By: Olivia Fratangeli, Contributing Writer

“This skin is a battlefield,” recited Jacob Mayberry, also known as Black Chakra or J. Tesla, to an intimate audience. Along with two other poets, Mayberry’s spoken word poetry echoed around the Chesapeake rooms during “Rhymes Against Rage: Through the Fire” on Sept. 15.

Sponsored by the Center for Student Diversity, the performance and discussion centered on themes of race and identity and featured spoken word poetry by writers Kenneth Morrison, Mercedez Holtry and Jasmine Mans, in addition to Mayberry.

Mans has been writing poetry since she was seven years old.

“I used to have to write for an orator class as a kid, and I didn’t like it,” Mans said. “My writing came out of rebellion.”

Mans, who is inspired by artists like Tupac, Maya Angelou and Nikki Giovanni, said she first wrote to “win,” but now writes to be thoughtful. Mans’ poems “Dear Ex-Lover” and “Footnotes for Kanye” drew noticeable reaction from the crowd.

“Be consistent,” Mans said to up-and-coming writers. “Commit to writing, commit to writing the truth.”
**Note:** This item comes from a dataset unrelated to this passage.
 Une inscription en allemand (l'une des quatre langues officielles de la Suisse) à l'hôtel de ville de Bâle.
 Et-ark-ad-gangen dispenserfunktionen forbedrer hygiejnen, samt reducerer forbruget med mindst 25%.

Freshman Nicole Banks said that she anticipated the serious content and nature of some performances.

“I knew it was going to be emotional because all the spoken word was about race,” Banks said.
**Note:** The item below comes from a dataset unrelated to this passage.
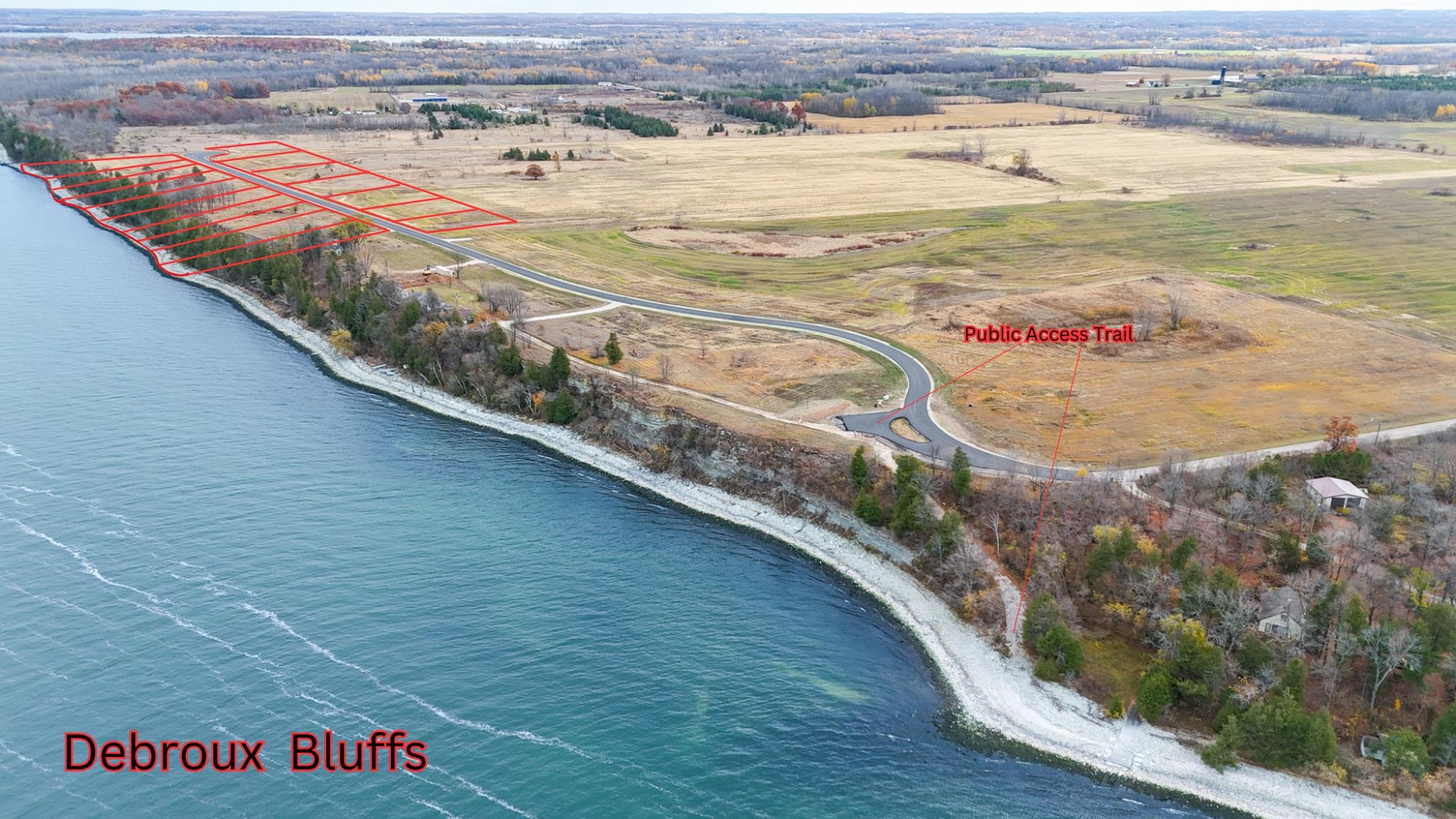 Discover a one-of-a-kind property perched high on the bluff with 135' of frontage in one of Door Co’s most desirable subdivisions. Located in DeBroux Bluffs, this generously sized lot features dramatic topography, mature trees, and sweeping views of the Bay of Green Bay—perfectly positioned for stunning sunsets. Just 10 minutes from Sturgeon Bay, this peaceful setting offers the ideal canvas for your dream retreat, surrounded by natural beauty, wildlife, and some of the area’s best fishing. Residents enjoy access to a brand-new public water entry at the subdivision entrance, perfect for kayaking, paddle boarding, or simply soaking in the views. Most lots in the neighborhood successfully perk for mound systems. A truly special opportunity to own in the heart of Door County’s bluff country.

Womanist United President Breya Johnson, also the Student Government Association’s assistant director of health and wellness, said that she was inspired by Mans and proud of the turnout for the spoken word event. Although the crowd was small, Johnson said that she believes that people who attending the readings were meant to be there.

“It was everything I thought it would be,” Johnson said.